礫川全次〈コイシカワ・ゼンジ〉のコラムと名言。コラムは、その時々に思いついたことなど。名言は、その日に見つけた名言など。

藤村操青年と「ホレーショの哲学」

2014-12-08 05:55:16 | コラムと名言

◎藤村操青年と「ホレーショの哲学」

 藤村操のいわゆる「巌頭の感」に、「ホレーショの哲学」という言葉が出てくる。この言葉は、シェイクスピアの『ハムレット』に登場する脇役(ハムレットの親友)・ホレーショ(Horatio)に由来するという。以下は、言語郎さんのブログにあった「華厳の滝投身自殺と『ホレーショの哲学』(改訂版)」という記事(二〇〇七・五・二三)からの引用である。

「巌頭乃感」と題した遺書は、滝のかたわらのナラの大木の幹に書かれていた。「人生、曰く不可解」という文言で知られているが、文中に「ホレーショの哲学、ついに何等のオソリティーに価するものぞ」という一節がある。旧制一高の超エリートには及びもつかない凡才ながら、昭和30年代後半に釧路の片田舎の高校生だった私は、青春時代特有のリリシズムからか、この「巌頭乃感」の全文を諳んじていた。だが、「ホレーショの哲学」が長い間分からなかった。
 ホレーショという名の哲学者ないしは学派が実在するのか。なにか参考文献はないものか。ホレーショが、実在した哲学者ではなく、シェークスピアの『ハムレット』の脇役的な登場人物と知ったのは、中年になってからである。
 疑問はしかし、完全には氷解しなかった。『ハムレット』を通読しなおしてみても、ホレーショがどんな哲学――それも読者の一人を厭世自殺させるような人生観――の持ち主なのかさっぱりつかめなかったからだ。該当の原文は、主人公の王子・ハムレットが親友でもある臣下のホレーショに対し
"There are more things in heaven and earth, Horatio. Than are dreamt of in your philosophy"
と語る個所だ(第1幕、第5場)。
 字句通りに訳せば、「ホレーショよ。天と地の間には君の哲学で夢想されるよりはるかに多くのものがあるのだ」となる。つまり"your philosophy"を「君の哲学」=「ホレーショの哲学」と読んでもおかしくないように思える。ところが、これが誤訳というのだから翻訳は一筋縄ではいかない。
 
 言語郎さんの翌日のブログによれば(二〇〇七・五・二四の記事)、この"your philosophy"を、「君の哲学」と訳すのは誤訳で、「例の哲学」、「いわゆる哲学」などと訳すべきだという。
 そうだったのか。ホレーショというのが、ハムレットに登場する人物であることは知っていた。しかし、「ホレーショの哲学」が、誤訳に基づいたものであることは、昨日、言語郎さんのブログに接して、初めて知らされた次第である。それにしても、インターネットというのは、ありがたい。まさに情報の宝庫である。
 さて、以下に再度、言語郎さんのブログから、引用させていただこう(二〇〇七・五・二四の記事)。
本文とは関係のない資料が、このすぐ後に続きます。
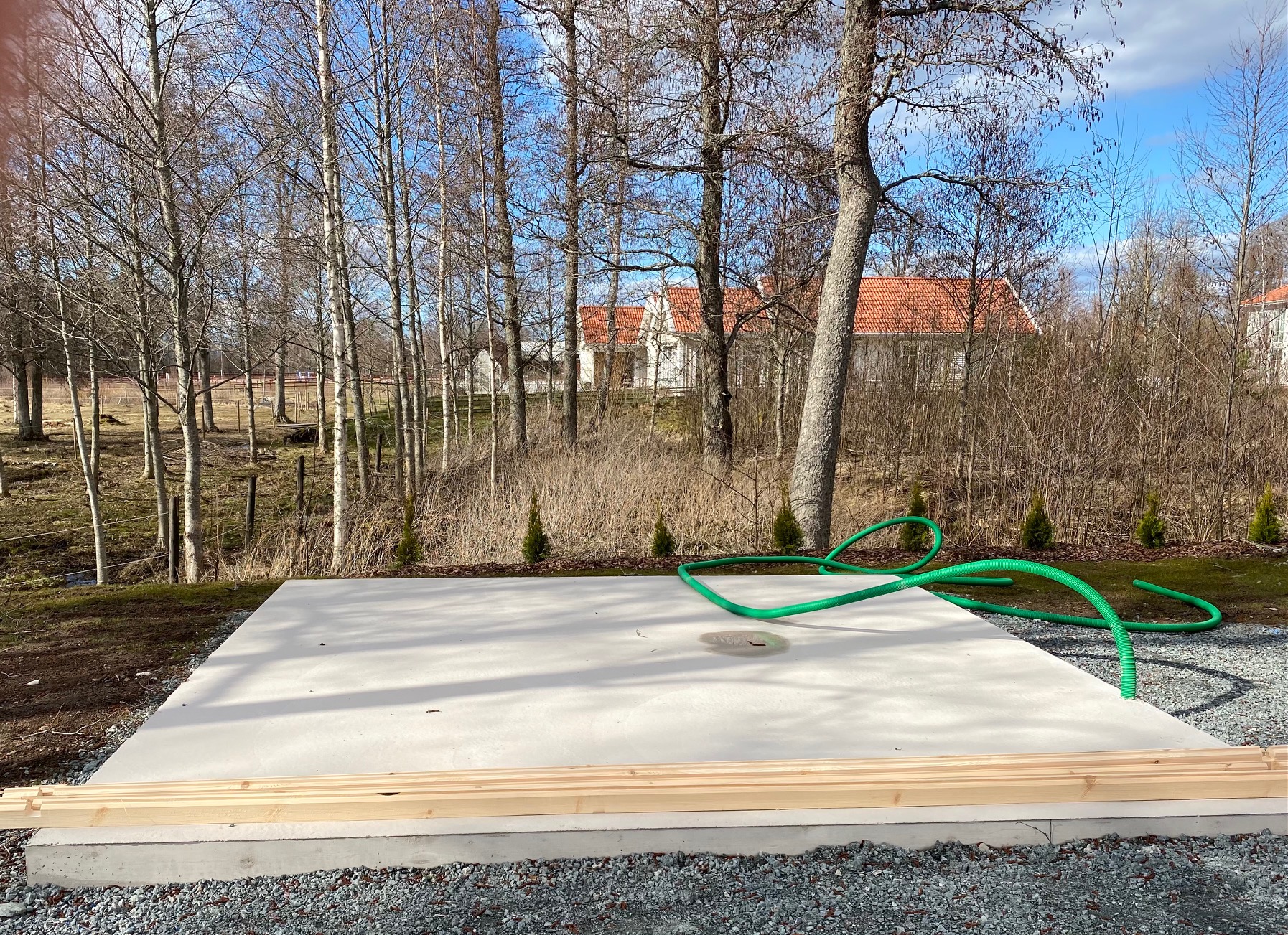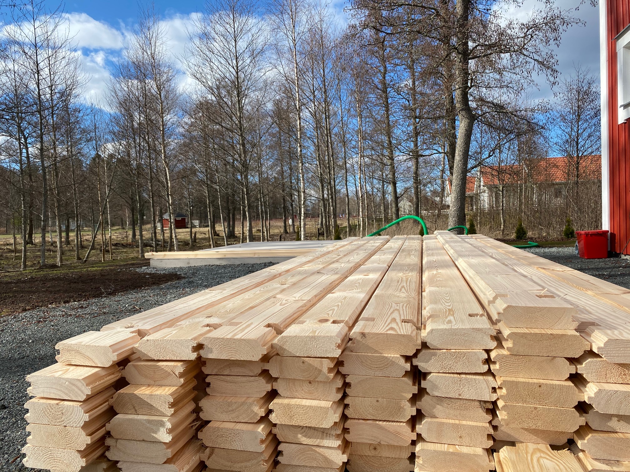 Vilken service från Eka Skog, avlastat ända inne på byggplatsen. Mina snickare har ”lovat” att komma på måndag. Vad skönt att bli av med all ved på jobbet under ett skärmtak, snöslunga, skottkärra mm, som trängs med mig inne i garaget.
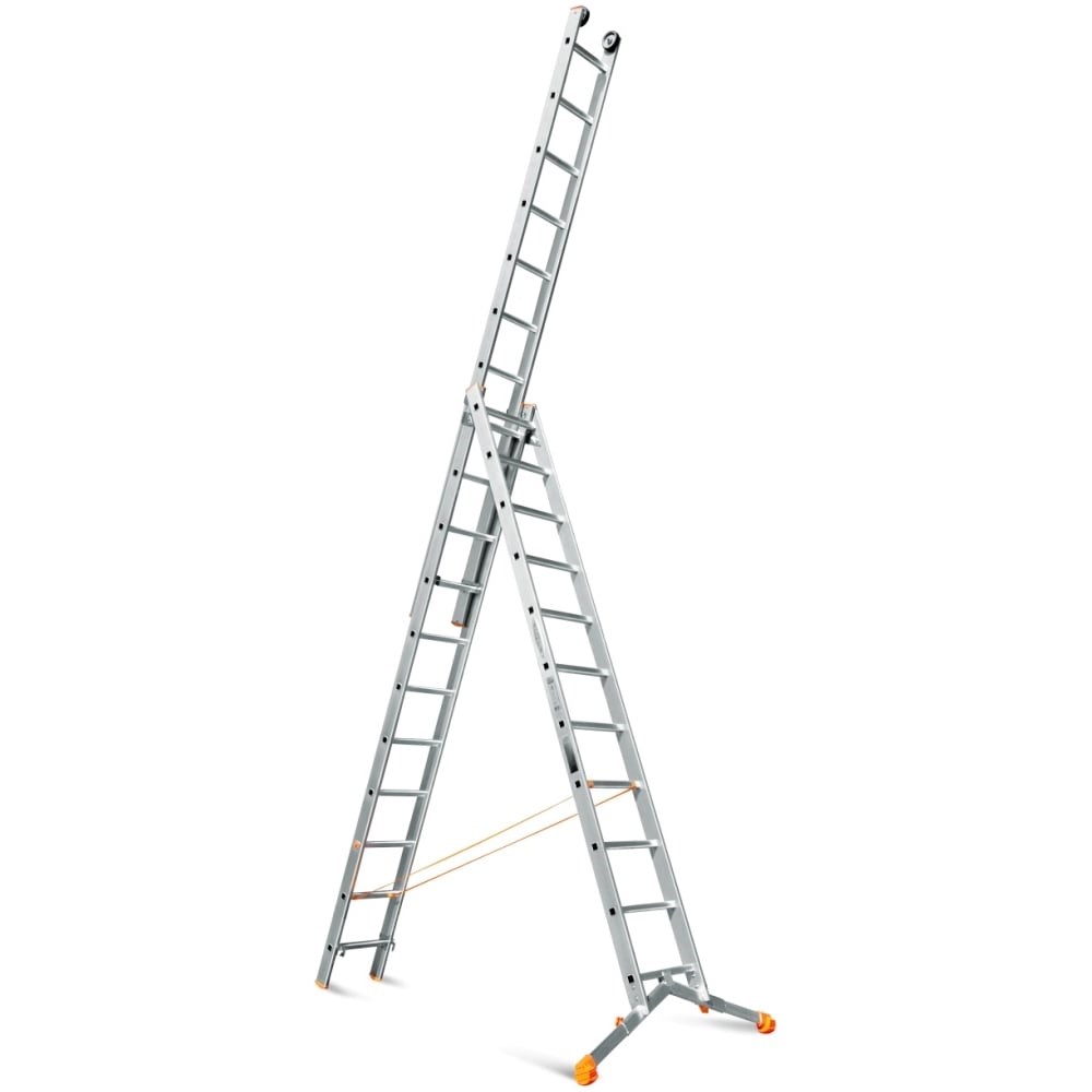 Трехсекционная лестница Эйфель ТЛ 3х11 Ювелир Плюс предназначена для бытового и профессионального использования. Состоит из стремянки и приставной части, на которой расположены колеса. Лестница выполнена из легкого и прочного материала - алюминия. Угловая траверса гарантирует устойчивость лестницы и безопасность при работе. Опоры из композитного материала служат для устранения скольжения по полу.
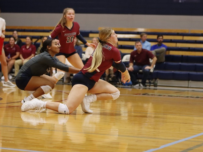 Aubrey Young continues to thrive in this 5-1 offense racking up another 47 assists in the 5 set win. She is averaging over 45 assists/game over the last three games, the most of any three game stretch of her career. She also added 30 digs to go along with her offensive performance. Emily Peterson had a career high 20 kills in the match. Lindsey Kauffman, once again, led the Warrior back row with 33 digs; a performance that earned her the NCCAA Defensive Student-Athlete of the Week. Sterling is now 3-0 since she has moved to libero. Grace Battershell came off the bench to record 2 aces.
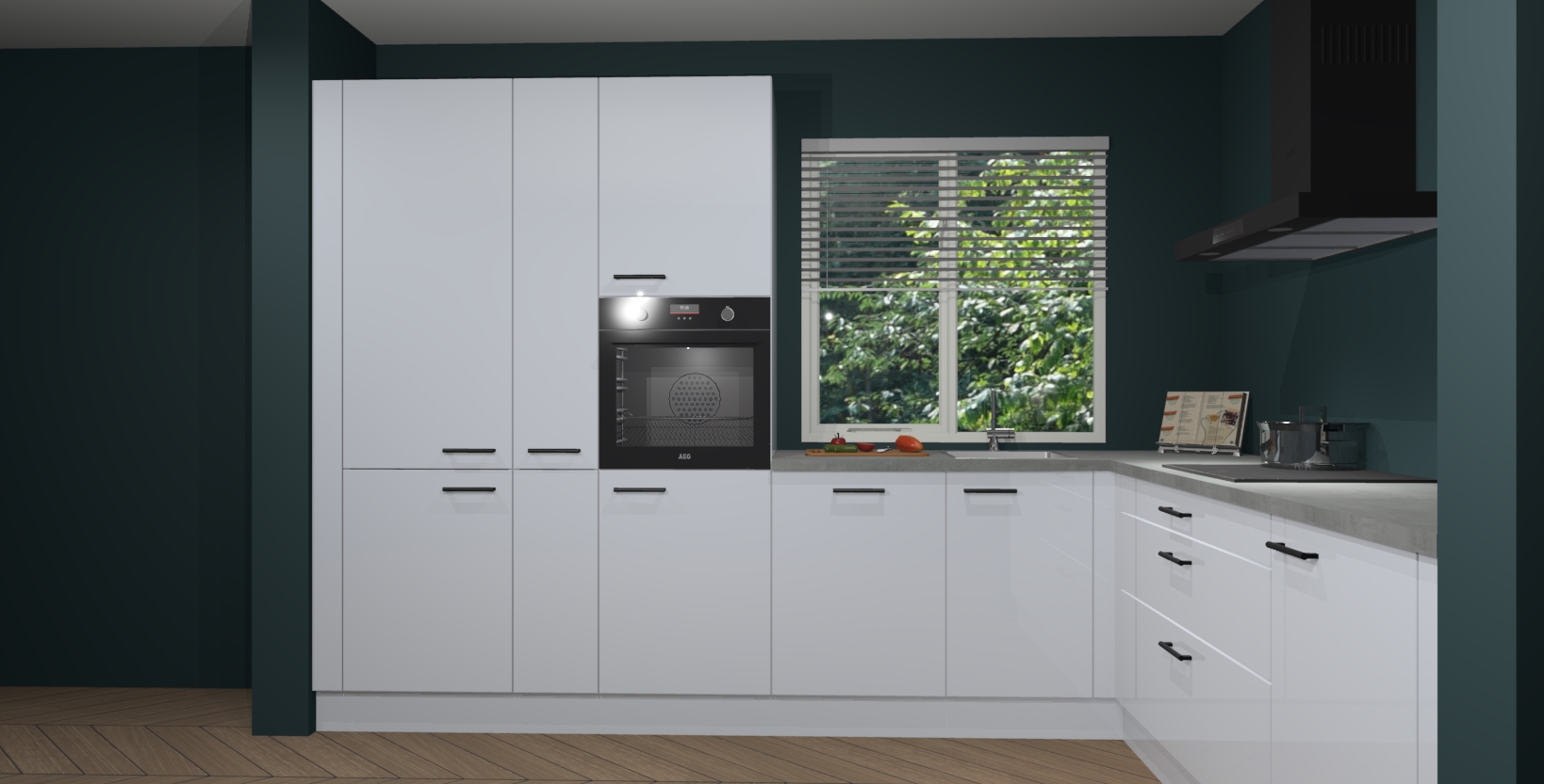 Met een modern, tijdloos design en ruime opslagruimte, zult u zich in no-time thuis voelen in uw nieuwe keuken. Uw leven wordt eenvoudiger met de soft-close deuren die voor het ultieme stille comfort zorgen - geen geluid dat u stoort terwijl u kookt. Ook is de keuken voorzien van 5 ingebouwde apparaten: een oven, inductie kookplaat, afzuigkap, vaatwasser en koelkast. Deze kunnen gemakkelijk na bestelling worden bijgewerkt naar AEG - waardoor uw luxe ervaring compleet is.
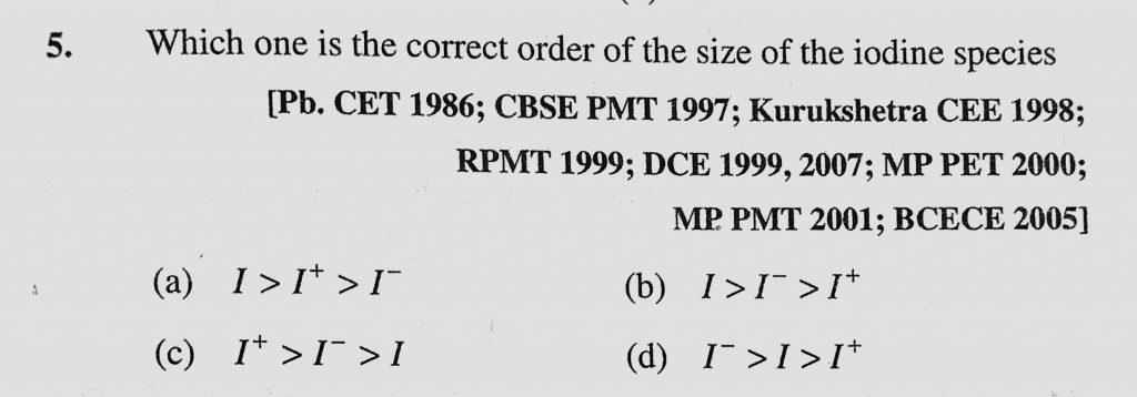 Which one is the correct order of the size of the iodine species (a) I > I + > I- (b) I > I – > I+ Which one is the correct order of the size of the iodine species (a) I > I + > I- (b) I > I - > I+ November 9, 2020 Category: Uncategorised (JEE Advanced Physics by BM Sharma + GMP Solutions) , Facebook Messenger WhatsApp Share this:TwitterFacebook Related
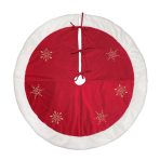 48" Red Snowflake Embroidered Tree Skirt With Faux Fur Trim
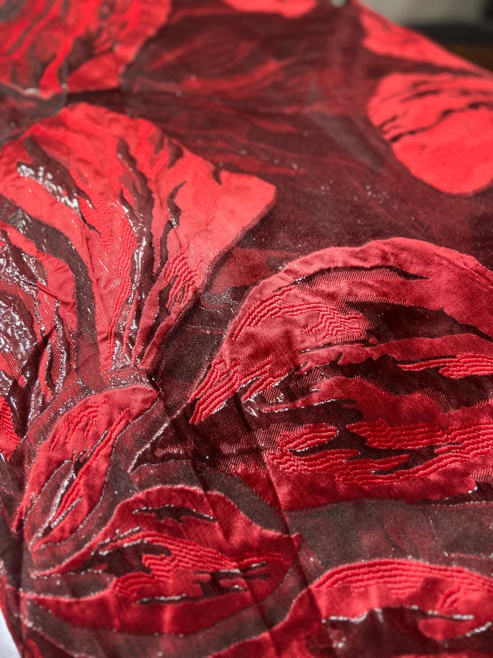 Bright red color material with cream color foil like design on body

 すぐれた翻訳家でもある英文学者の行方昭夫氏も、岩波書店の同時代ライブラリー・シリーズ『英文快読術』の中の「既知の語でも辞書を引く習慣を」と説いた行(くだり)で「ホレーショの哲学」を取り上げ、こう述べている。
[ 藤村青年はyourを「きみの」と解したのであった。この事件は明治36年のことであるから、当時の英和辞書には出ていなかったと思われるけれど、今の辞書なら何でも教えてくれるから、yourを引けば必ず「(通例けなして)いわゆる、かの、例の」と説明されている。 ]

 これによれば、英文学者の行方昭夫〈ナメカタ・アキオ〉さんは、藤村操青年が、ハムレットを原文で読んでいて、その際に、yourを誤訳したと捉えているようである。
 しかし、藤村操青年は、本当に、ハムレットを原文で読んでいたのだろうか。むしろ、"your philosophy"を「君の哲学」(=「ホレーショの哲学」)と誤訳した翻訳書があって、それを読んでいたと見るほうが自然ではないか。
 このように言うのには、ひとつ根拠がある。藤村青年の投身した日の六日前に刊行された『天人論』(朝報社)という本がある。『万朝報』の記者・黒岩涙香(周六)が書いた哲学書である(一昨日のブログ参照)。同書の二八ページに黒岩は、三つの「名言」を引用しているが、その最初にあるのは、次の名言である。

 ホレーショよ、天地には汝が哲学にて夢想し得ざる所の者あり 砂翁のハムレツト

「砂翁」とあるのは、あるいは「沙翁」の誤植か。いずれにしても、シェークスピアのことである。
 さて、黒岩涙香は、この言葉を、誰の翻訳から引いたのだろうか。これは、まだ調べていないが、できれば、博雅のご教示を得たい。いずれにしても、この当時、"your philosophy"を「汝が哲学」というように誤訳した翻訳家がいたことは間違いない。そして、ハムレットのこの台詞が、誤訳されたままで、引用、再引用されていた可能性も、十分に考えられる。あるいは、その誤訳に従って、「ホレーショの哲学」なるものがあるかのような誤解が、藤村操を含む一部の識者に広がっていた可能性もある。
 いずれにしても、藤村操の「巌頭の感」に「ホレーショ」という名前が出てくるのを知って、いちばん驚いたのは黒岩涙香であったに違いない。